What you will do: Only the lines from the one that contains "Calibration curves were" to the last line below, both included, should be transcribed. Pictures stay out of the copy.

Provided records:
________________________________________
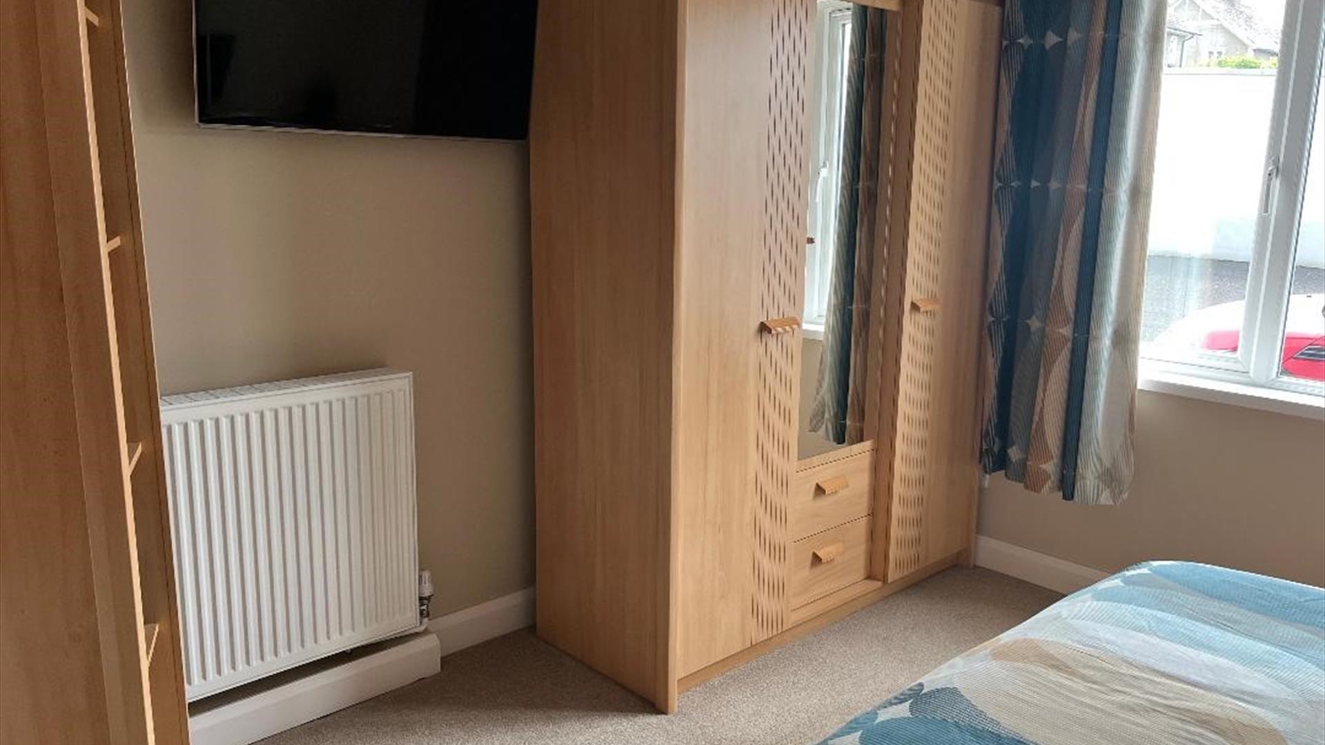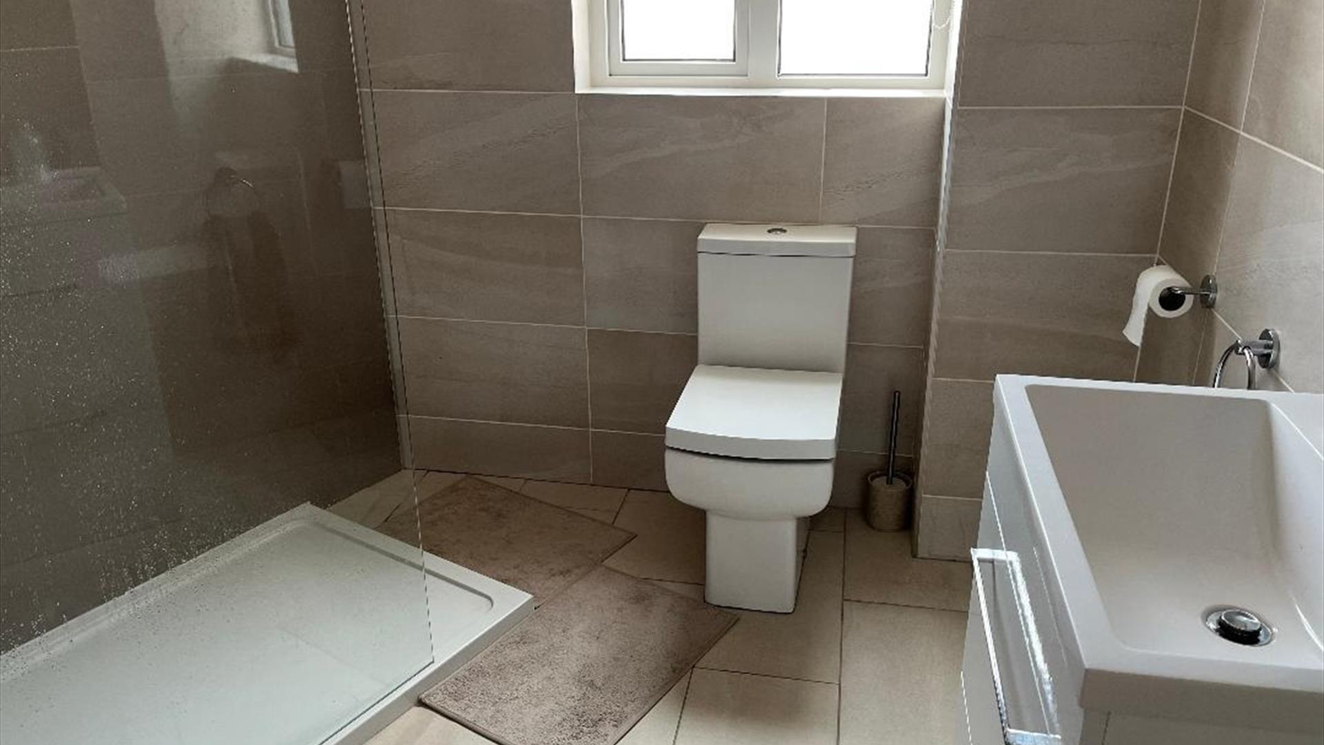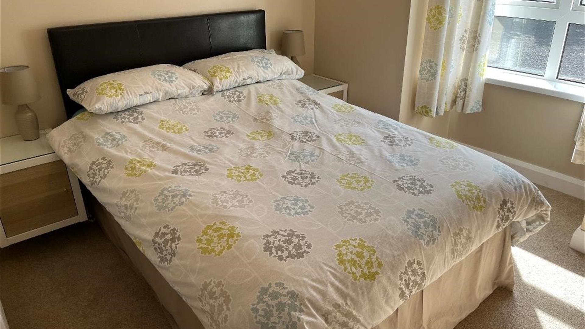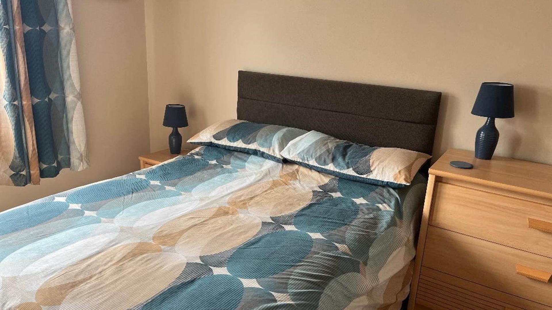 The apartment has 2 double bedrooms with bedside units and wardrobe storage and a bathroom with large walk in shower powered from the gas central heating system.
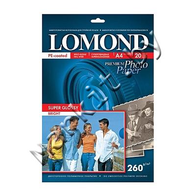 Фотобумага Lomond (1103101) A4 260 г/м2 суперглянцевая ярко-белая, односторонняя, 20 листов Код: 3427
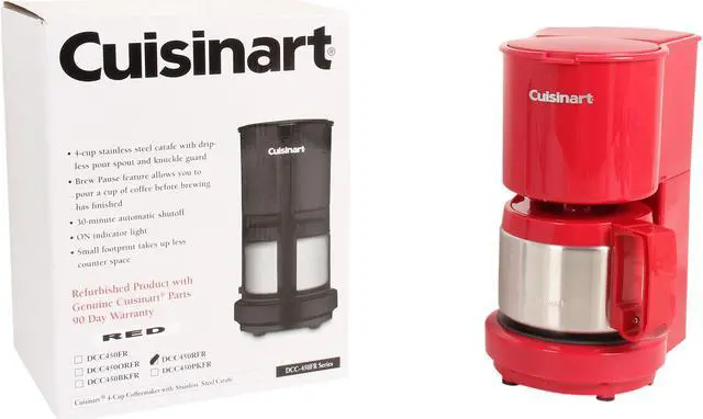 | Features | Cuisinart's 4-Cup Coffeemaker is now available with a stainless steel carafe. It's compact enough to use for a small household or second home. Automatic shut-off after 30 minutes, so there is no need to worry when you leave the house in a hurry. 4-cup stainless steel carafe with dripless pour spout and knuckle guard Brew Pause feature allows you to pour a cup of coffee before brewing has finished 30-minute automatic shutoff "On" indicator light Small footprint takes up less counter space Instruction book BPA Free |
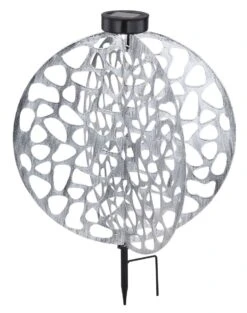 LED Solarleuchte Scheiben Im Kugel Design Mit Dekorstanzungen Antik Silberfarbend 400mm Von Globo
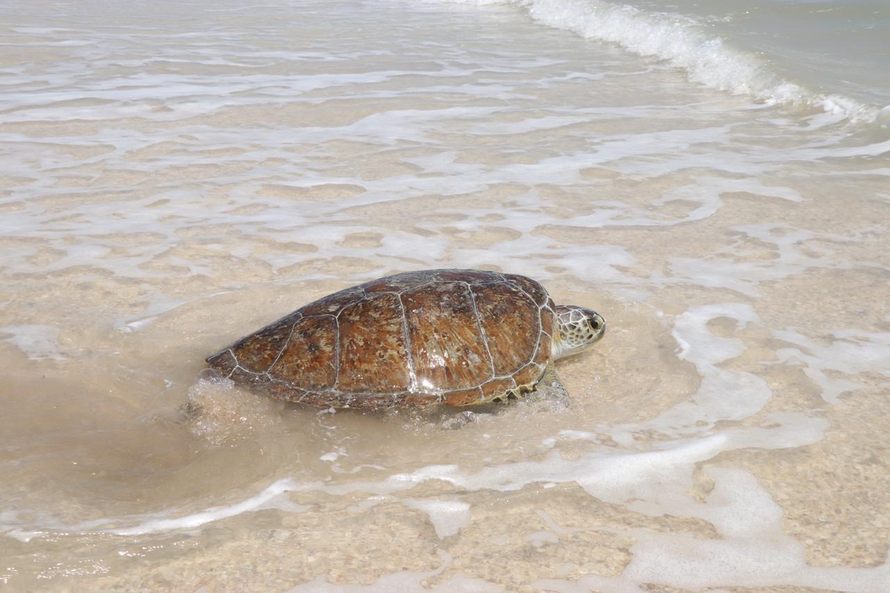 Personal de esta comisión liberó la mañana de este viernes, un ejemplar de tortuga verde en la Playa la Pesca en el municipio de Soto La Marina, a este ejemplar se le realizaron pruebas de nado por lo que se consideró apta para su liberación.
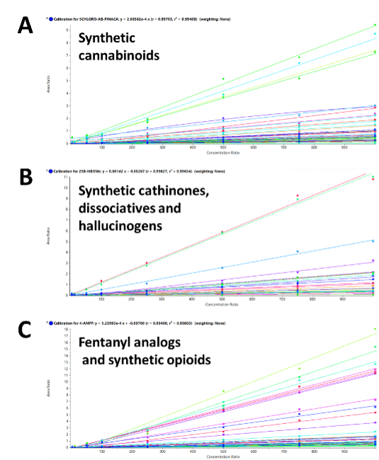 Calibration curves were generated for each of the 137 molecules. Figure 4 shows representative regression lines from each of the 3 NPS classes, plotted from 2 to 1000 ng/g. The calibration curves showed excellent linear responses across the calibration series, with R2 values greater than 0.98 for all the NPS targeted in the panel. These parameters demonstrate the broad applicability of the sample preparation procedure to a variety of NPS classes.
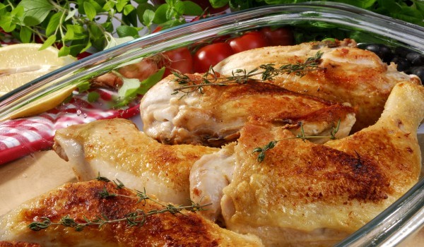 Пуйката се ръси с черен пипер и сол , пече се 20 мин. с олиото в силна фурна и 40 мин съвсем тихо. Добавя се бялото вино, китка подправки, скилидки чесън, глава лук, карамфил. Обелват се портокали...
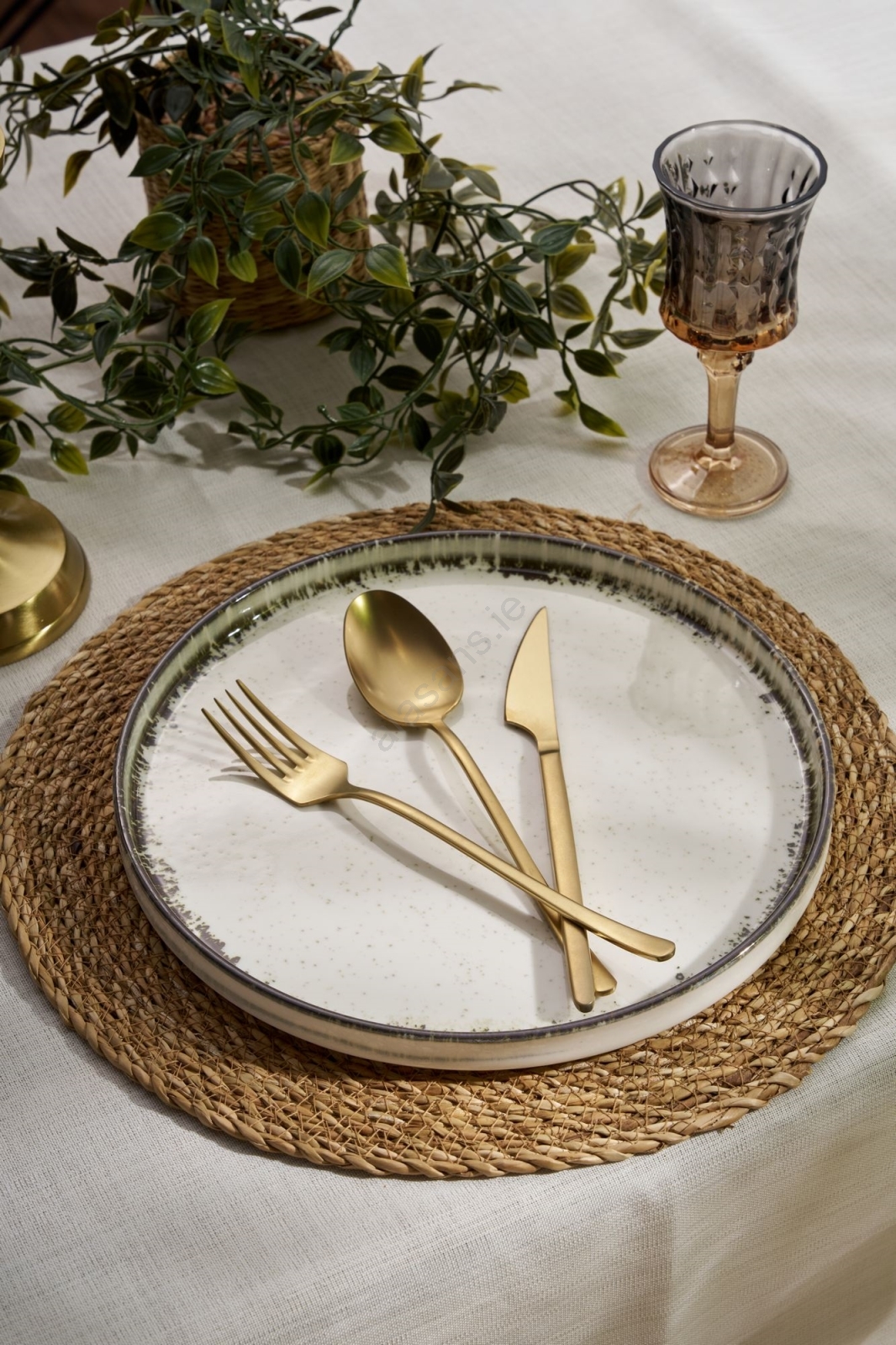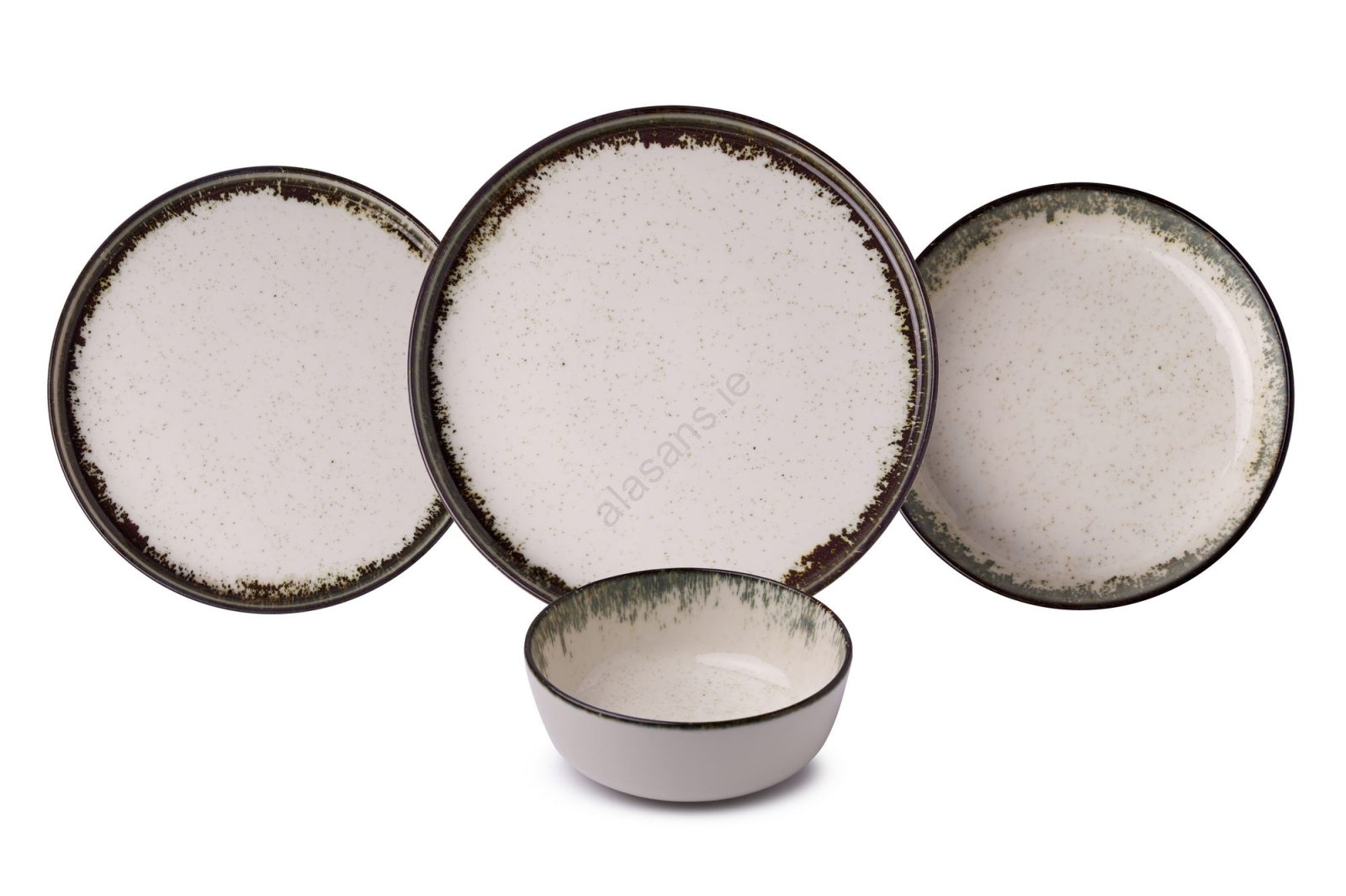 24-piece porcelain dinner set in white and brown
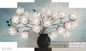 Tranh chậu hoa bộ 3 tấm màu trắng đẹp in uv
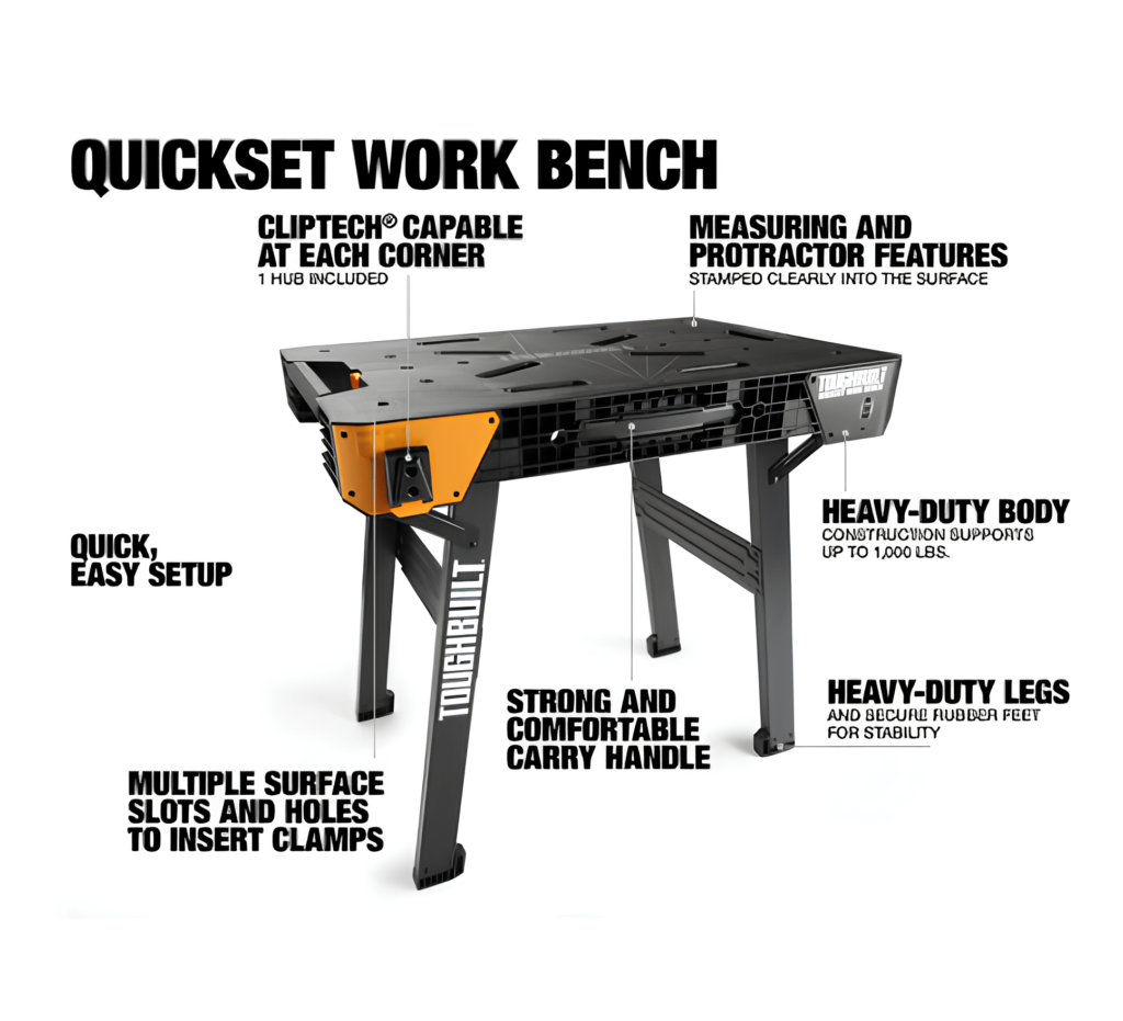 ToughBuilt® QuickSet Work Bench to solidna powierzchnia robocza, którą można ustawić w kilka sekund. Wystarczy nacisnąć przycisk zwalniający i pociągnąć uchwyt, aby rozłożyć nogi i uzyskać dużą powierzchnię roboczą w dowolnym miejscu. Solidne metalowe nogi wytrzymują do 1000 funtów. Duża powierzchnia robocza zapewnia szeroki zakres zastosowań: świetnie nadaje się do cięcia, wiercenia, zaciskania i wielu innych czynności. Jest kompatybilny z szeroką gamą kieszeni ClipTech firmy ToughBuilt, zapewniając doskonałą organizację narzędzi. Natychmiastowe przypinanie i odpinanie kieszeni i narzędzi, aby każda praca była zorganizowana i wydajna. Od warsztatu, przez ciężarówkę, po miejsce pracy, ten stół roboczy jest łatwy do transportu, gdziekolwiek musisz się udać.
________________________________________
Answer below:
 Calibration curves were generated for each of the 137 molecules. Figure 4 shows representative regression lines from each of the 3 NPS classes, plotted from 2 to 1000 ng/g. The calibration curves showed excellent linear responses across the calibration series, with R2 values greater than 0.98 for all the NPS targeted in the panel. These parameters demonstrate the broad applicability of the sample preparation procedure to a variety of NPS classes.
 Пуйката се ръси с черен пипер и сол , пече се 20 мин. с олиото в силна фурна и 40 мин съвсем тихо. Добавя се бялото вино, китка подправки, скилидки чесън, глава лук, карамфил. Обелват се портокали...
 24-piece porcelain dinner set in white and brown
 Tranh chậu hoa bộ 3 tấm màu trắng đẹp in uv
 ToughBuilt® QuickSet Work Bench to solidna powierzchnia robocza, którą można ustawić w kilka sekund. Wystarczy nacisnąć przycisk zwalniający i pociągnąć uchwyt, aby rozłożyć nogi i uzyskać dużą powierzchnię roboczą w dowolnym miejscu. Solidne metalowe nogi wytrzymują do 1000 funtów. Duża powierzchnia robocza zapewnia szeroki zakres zastosowań: świetnie nadaje się do cięcia, wiercenia, zaciskania i wielu innych czynności. Jest kompatybilny z szeroką gamą kieszeni ClipTech firmy ToughBuilt, zapewniając doskonałą organizację narzędzi. Natychmiastowe przypinanie i odpinanie kieszeni i narzędzi, aby każda praca była zorganizowana i wydajna. Od warsztatu, przez ciężarówkę, po miejsce pracy, ten stół roboczy jest łatwy do transportu, gdziekolwiek musisz się udać.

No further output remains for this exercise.